The problem of managing accesses to a Linux infrastructure is not new. The classic and cost-effective solution that could be used today would be composed of the following elements:

  • A user with SSH keys on his workstation that allow him to access the infrastructure

  • A controlled and secure entry point to the network, most often a SSH Bastion or a VPN

  • From this entry point, direct access to the servers

  • On those servers:

    • An OpenSSH service, well configured, secure and audited
    • rights per user key, managed through files authorized_keys
    • An Infrastructure as Code tool like Ansible in pull mode or Puppet in charge of maintaining authorized_keys up to date

This would give us something like this:

This solution has several advantages:

  • it uses components that are already used in your infra, nothing new

  • bastion is an excellent pattern to access your infrastructure

  • the configuration management of your servers is very useful beyond the management of authorized keys

  • it does not require additional expertise, this is a consequence of the previous point

  • the use of authorized keys offers a relatively fine grained control over what the user can do once logged in

  • a well configured and auditable (by sending connection logs out of the machine) OpenSSH server, already provides a satisfactory level of security for many uses

Unfortunately, this kind of solution can become complex to maintain, especially when you have to manage accesses for a large number of people on a large number of servers:

  • grouping machines and make different roles for accesses can become necessary

  • this logic must then be implemented and maintained in the infrastructure code

  • Moreover, changes to the infrastructure code must be controlled with great finesse (to allow users to assign certain roles and not others, for example)

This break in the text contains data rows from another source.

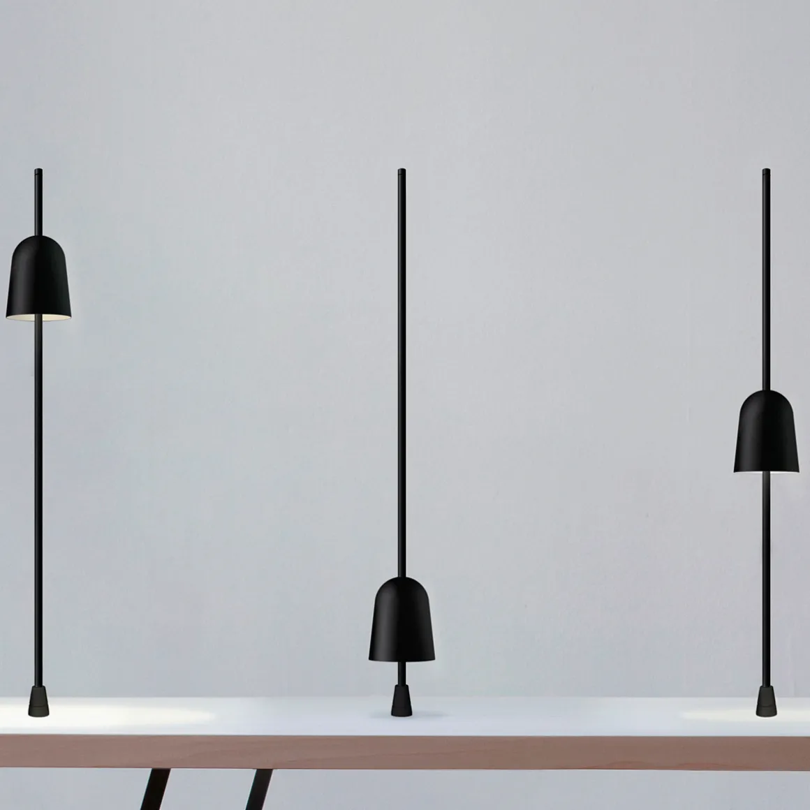 - Ein- und Ausschalten der Tischleuchte erfolgt durch Hoch- und Hinabschieben des Leuchtenschirms
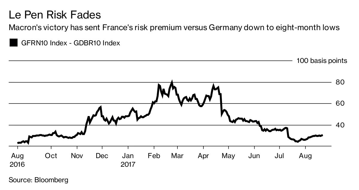 投资者正在押注经济顺风将帮助马克龙推动劳动改革并促进他其余议程的实施。到目前为止,迹象良好。马克龙的政府选择了一种快速通道策略来处理劳动方案,希望通过限制议会的辩论在十月之前完成整个方案。
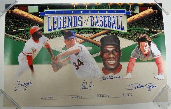 Auto LEGENDS OF BASEBALL POSTER, Joe Morgan, Nolan Ryan, Bob Gibson, Pete Rose
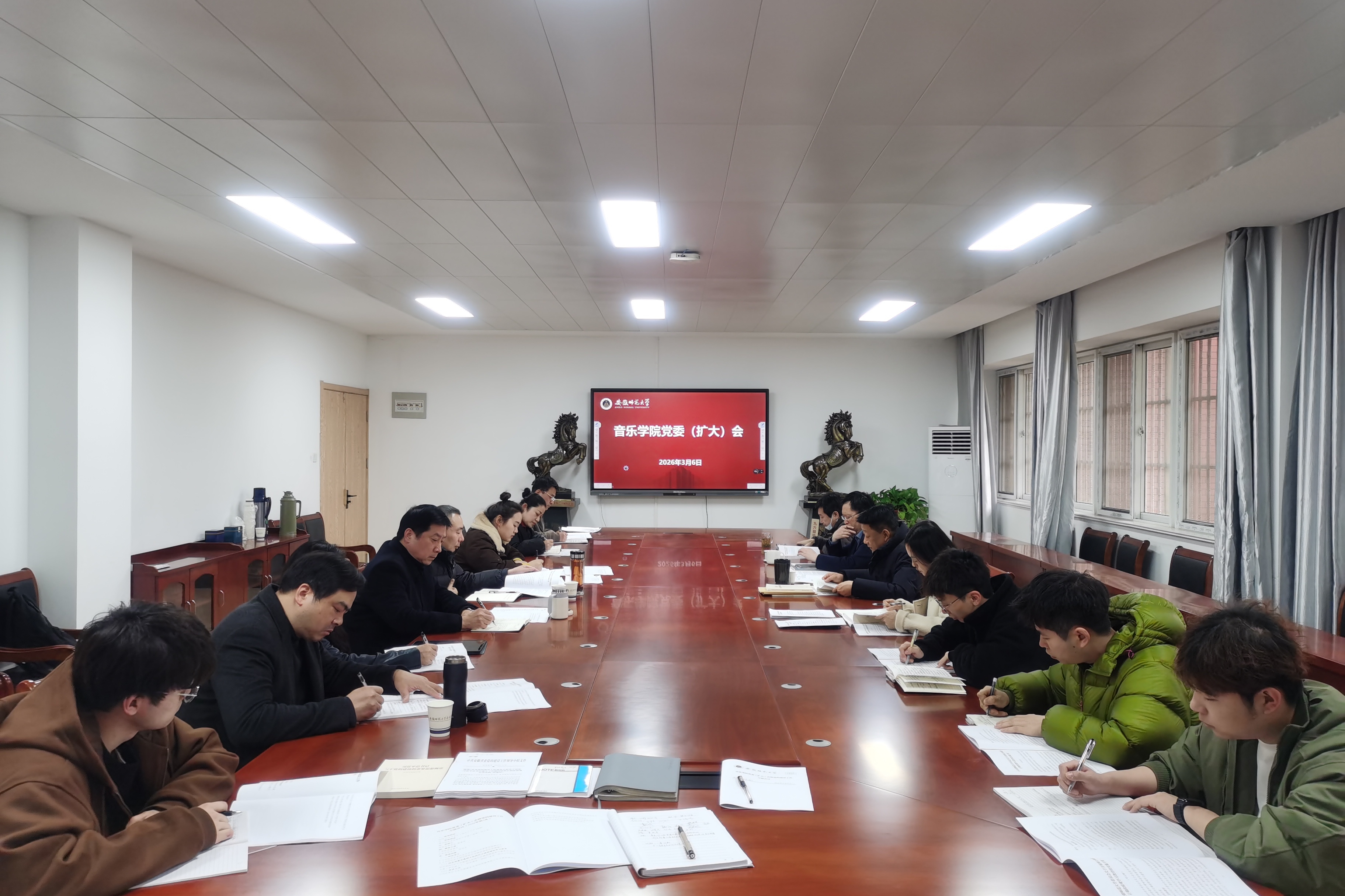 奚泰来指出,2026年是“十五五”规划的开局之年,是获批音乐专业博士点后迈向高质量发展的关键之年。开展树立和践行正确政绩观学习教育,对于学院抢抓“长三角一体化”和美育教育发展机遇,实现学院内涵式发展具有极其重要的意义。一要锚定“立德树人”的根本,树立“为党育人、为国育才”的政绩观。将习近平总书记关于教育、文艺的重要论述融入教育教学全过程,通过高雅艺术进校园、进基层、进军营等实践活动,让师生在服务人民中砥砺品格,成长为有信仰、有情怀、有担当的新时代文艺人。二要秉持“功成有我”的担当,树立“实事求是、长期主义”的政绩观,以“钉钉子”精神抓好博士点和“三个基地”建设。三要厚植“艺术为民”的情怀,树立“服务师生、服务社会”的政绩观。始终把师生的冷暖放在心上,把服务社会扛在肩上,驰而不息加强作风建设,要深入课堂、深入琴房、深入宿舍,倾听师生心声,解决实际困难;要发挥音乐学科的特色优势,紧扣时代主题,服务地方文化发展,在服务国家和区域文化建设中展现师大音乐人的担当。
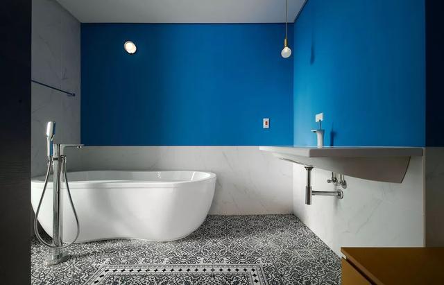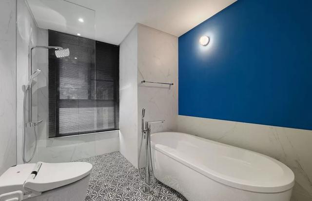▲衛(wèi)生間地面是花磚,搭配雅白墻面磚,墻身是刷成深藍(lán)色的防水漆,布置了浴缸與淋浴房,整個(gè)衛(wèi)生間空間顯得簡(jiǎn)潔優(yōu)雅好大方。
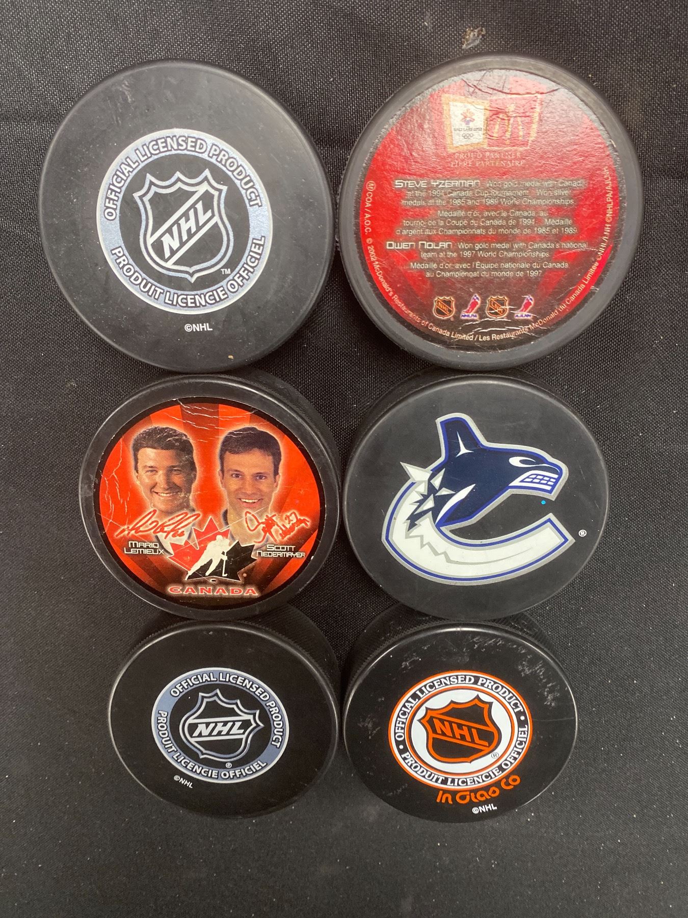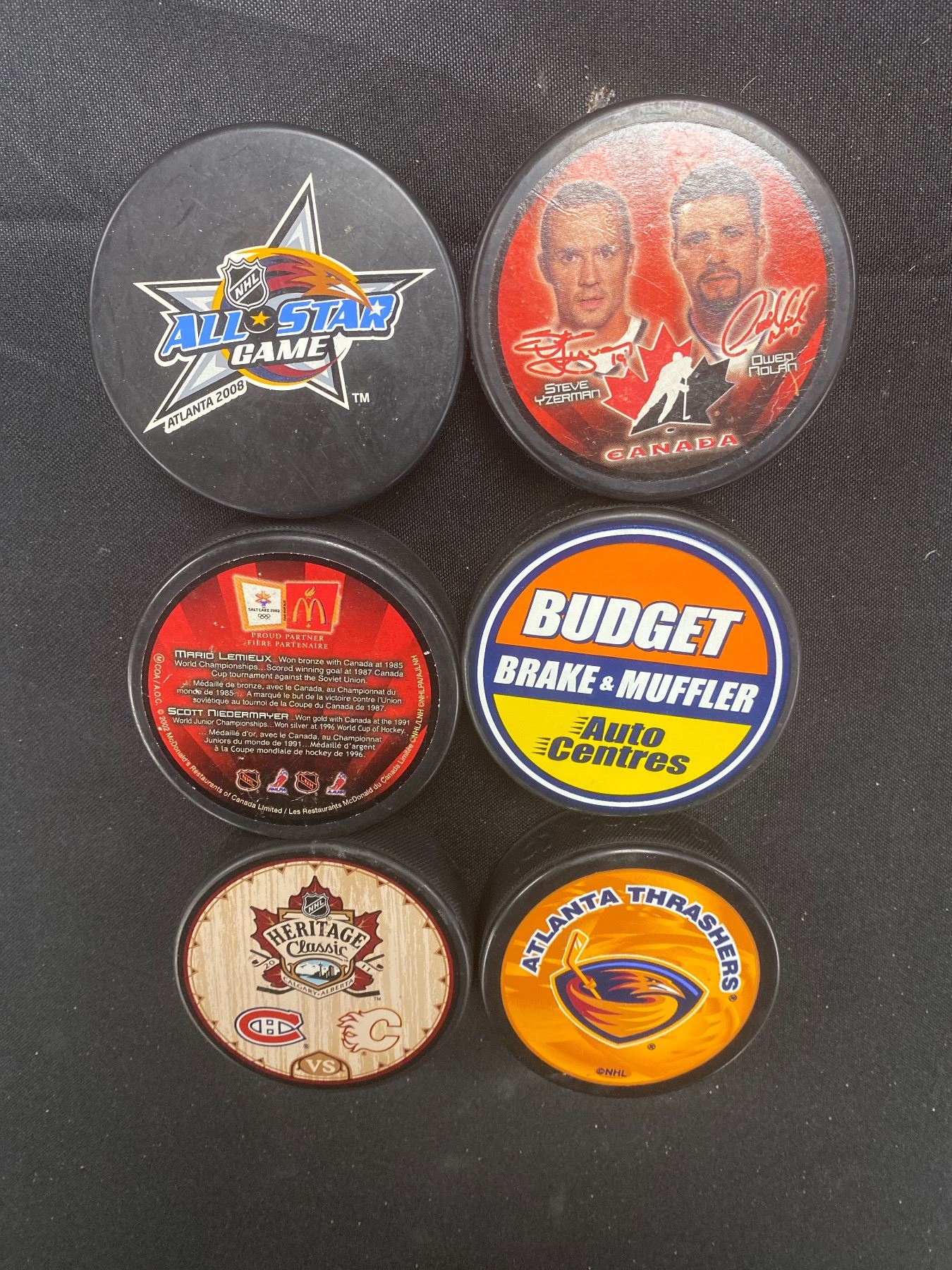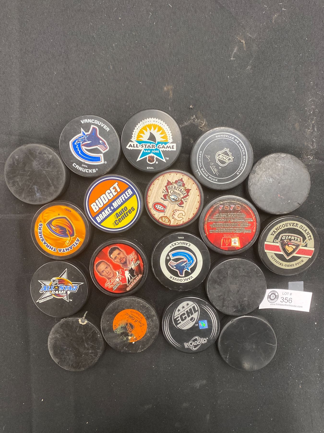 Lot of 18 Old Hockey Pucks, Mcdonalds NHL Etc
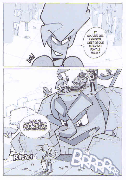 Comme j'ai dis pour les artbooks et le jeu, ils ont su créer un univers à la Tolkien mais version loufoque!! Ca part dans tous les sens, des persos hors du commun, des paysages simples mais géniaux! Et bien sûr un tas de référence sur les jeux videos, les animés, les films... bref on se régal à les chercher case après case...
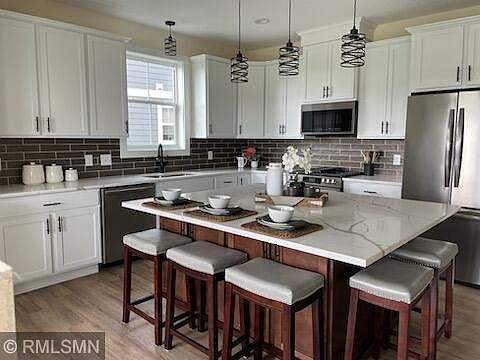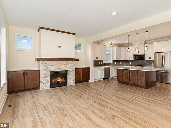 This newly built single-level home offers modern elegance and practical design. True one level living. The exterior features stone accents and large windows, while inside, an open concept living space includes a stylish kitchen with high-end appliances and a cozy living room with a fireplace built-in cabinets. The Owners suite boasts a luxurious bathrm and spacious walk-in/thru closet to laundry.2nd and third bedrm/ home office, laundry room finish off the main level. Additional lower level living space including a family room, bedroom, bathroom, and a fitness/flex room . Large windows for natural light. Home sits on a look out lot with view of pond and all its nature. Overall, this home combines luxury and functionality for comfortable living. Summer’s Creek neighborhood includes lawn and snow care for hassle-free living. Walking trails, shops, restaurants all near. Builder is Timeless Homes, Building homes since 1955.
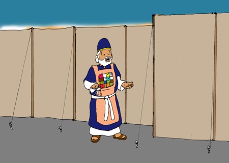 aan. Het is inmiddels ochtend geworden. Eli moet de tabernakel
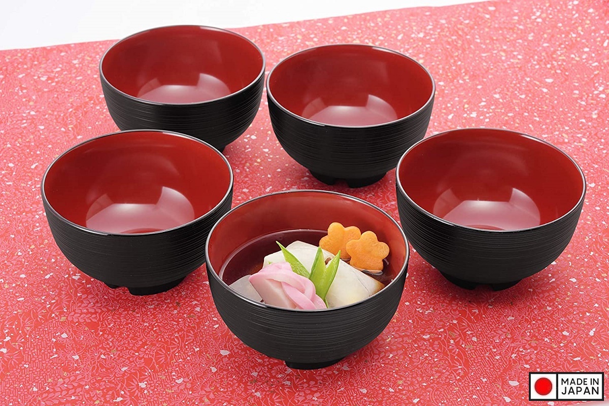 Bát tròn miệng rộng 500ml (Ø14.5×5.5cm) ■ Xuất xứ: Nhật Bản | MADE IN JAPAN ■ Kích thước:Ø145 x 55 Hmm ■ Màu sắc: Đen ~ lòng đỏ ■ Chất liệu: - Nhựa Polyester (PET) bề mặt phủ
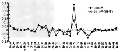 3、单选题 读我国省(市、区)际人口迁移概率比较图,从2010年预测人口数据来看,人口迁入将会明显减少的省区是
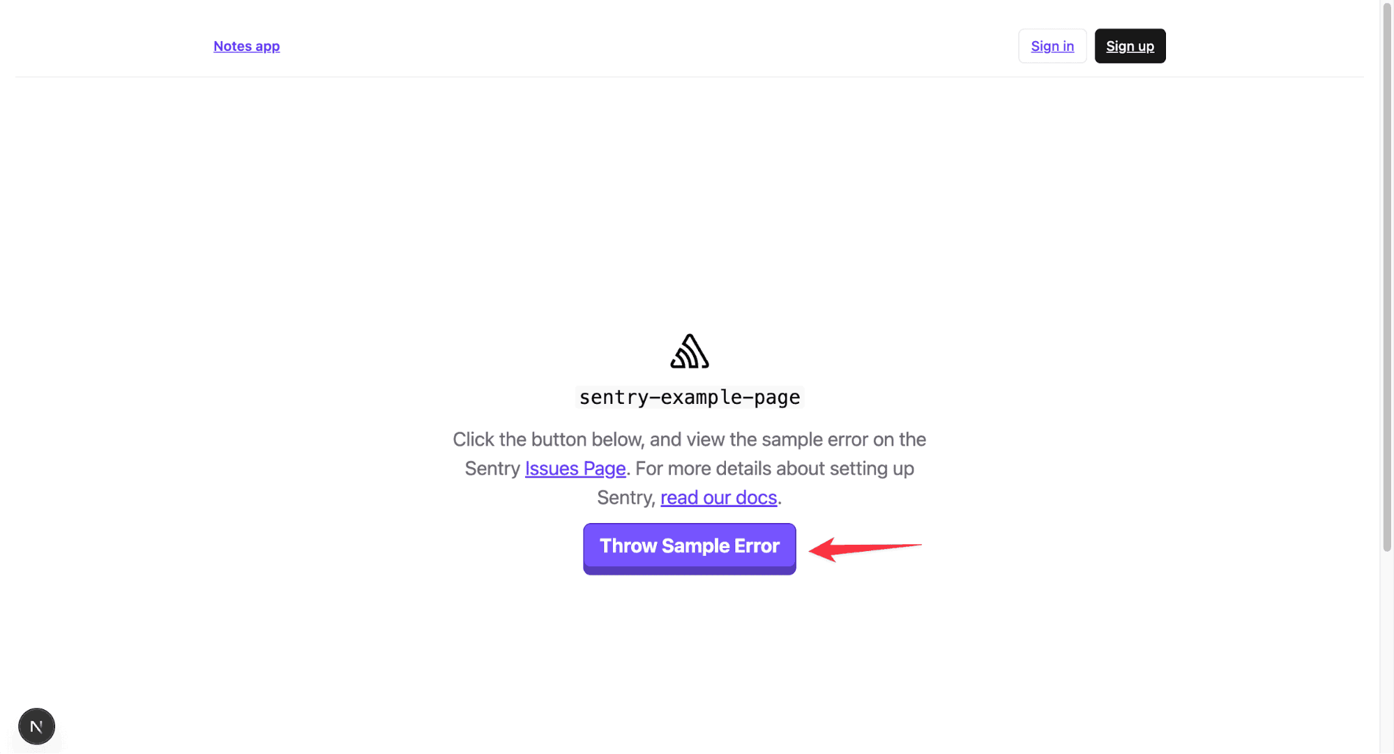npm run devThen visit the /sentry-example-page route in your browser. For most Next.js applications, this will be at localhost.
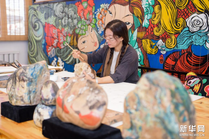 8月26日,在位于內(nèi)蒙古烏海市海南區(qū)黃河西行客棧的工作室內(nèi),魯婷在進行黃河石彩繪創(chuàng)作。一塊黃河石,一支畫筆,若干顏料,魯婷聚精會神地以黃河石為畫布進行著彩繪創(chuàng)作。 魯婷是內(nèi)蒙古烏海市海南區(qū)美術(shù)館的一名工作人員,從小對黃河有著濃厚感情。多年來,她一直想用一種特殊的藝術(shù)形式講述黃河故事,表達對黃河的熱愛。2016年,魯婷開始黃河石彩繪創(chuàng)作,她的第一個作品是《黃河的七個女兒》——在7塊形狀各異的黃河石上塑造了7個不同的人物形象。 剛開始創(chuàng)作黃河石彩繪時,魯婷遇到不少技術(shù)難題。為了提升作品質(zhì)量,她探索總結(jié)出使用礦物質(zhì)顏料的經(jīng)驗,保證了彩繪不褪色。目前,魯婷創(chuàng)作完成50多塊黃河石彩繪作品,同時還創(chuàng)作了講述黃河故事的壁畫。 魯婷說,黃河是母親河。以黃河石彩繪的形式講述黃河的故事,不僅表達自己對黃河的熱愛之情,也希望能通過這種方式吸引更多的人傳承黃河文化。新華社記者 李志鵬 攝
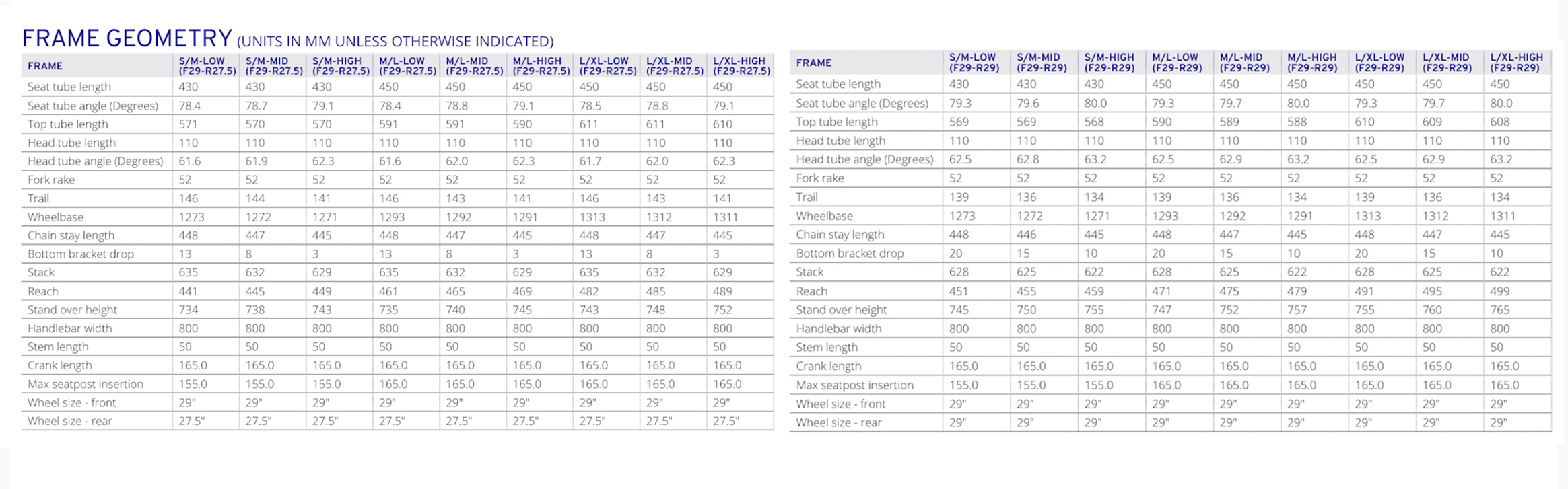 Si le Giant Glory n’est disponible qu’en trois tailles différentes (S/M, M/L et L/XL), le tableau de géométrie est pourtant bien chargé ! Cela s’explique, dans un premier temps par la possibilité de montage en roues de 29″ ou montage mulet, mais également par la présence de 3 flip-chips au sein du cadre de ce Glory, permettant d’ajuster la géométrie à ses préférences personnelles et/ou par exemple à la piste du week-end.
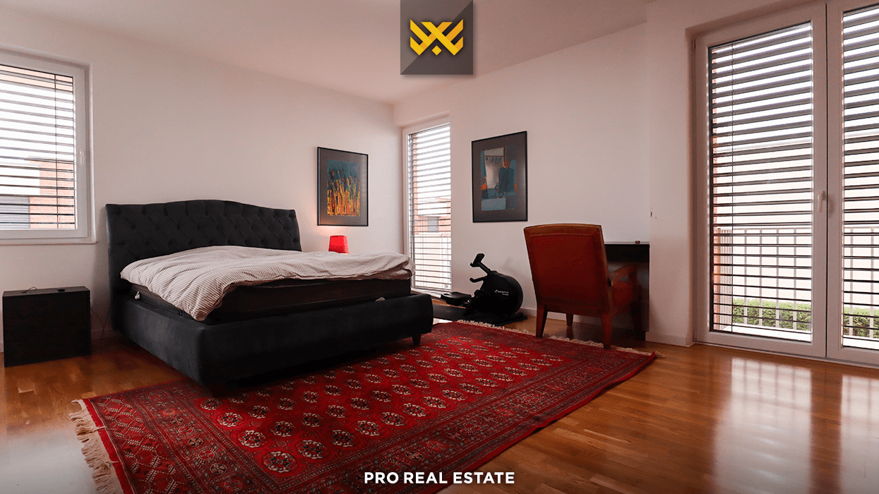 Prona ofron oborr të mirëmbajtur dhe të gjelbëruar, hapësirë të mjaftueshme për vendparkim si dhe garazh, ndërsa është e pajisur me bojler 260L, mbushës elektrik për veturë, elemente Bosch dhe aparat kafeje, me lartësi kate prej 3 metrash që shton ndjesinë e hapësirës dhe komoditetit.

Some more elaborate solutions exist to address this complexity, such as the open-source solution Teleport from Gravitational which also provides an interesting feature for audit.

However, we can go further while continuing to use the standard features of OpenSSH and limiting the number of infrastructure components with the features offered by Vault!

Vault as the heart of your authentication

With a Vault based solution, the client will need to obtain access from the Vault server API before connecting to other servers of your infrastructure.

Now the solution looks like this:

To obtain this access, the client will call the API of the Vault SSH Secret Engine. The SSH Secret Engine respects the "philosophy" of Vault:

  • it provides limited access, within a fine grained perimeter/li>

  • it provides time-limited access

Accesses provided to the user are "on-demand" and "temporary". So, how do I ensure that the accesses provided by Vault to the client are accepted by the servers?

Excellent question, and the answer is very simple: it depends!

There are actually two types of accesses that Vault can provide, each with its own server-side validation mode:

(and a third and deprecated type that we won't describe here)

In the following examples, we will assume that we are communicating with a Vault server that has been previously unsealed with an access token which has enough rights to execute the action you want to do. It could be a admin token which has sufficiently broad modification rights on our Secret Engine. To test it by yourself, the root token should be good enough (but it's a very bad practice to use it in production!).

We will also consider that the SSH Secret Engine was activated on the path /ssh of the API (his path by default).

In addition to the links of the Vault documentation, you can find information about these concepts in the article “The PKI Vault on the grill (FR)”.

One of the objectives of using Vault in this article is to eliminate the need to update configuration changes in the repository of users and their access to the infra. For that, we will consider that the accounts are non-nominative on the servers (for example admin, web, read-only, ...).

This is a technical choice that is significant because what is gained in terms of server configuration ease is likely to be lost in terms of traceability of infrastructure usage. Indeed, it becomes more difficult and costly in terms of tools to identify who is at the origin of each action carried out with a non-nominative technical account.

A solution to continue to use nominative accounts would be to use a LDAP directory as a user repository. Linux servers have a native integration that allows them to use an LDAP directory as a user account database.

First solution: One Time Password access type

In this mode, Vault generates one-time passwords with which users can connect to the target servers they requested the access. When attempting to connect to the server, the server will query Vault to verify the validity of this password.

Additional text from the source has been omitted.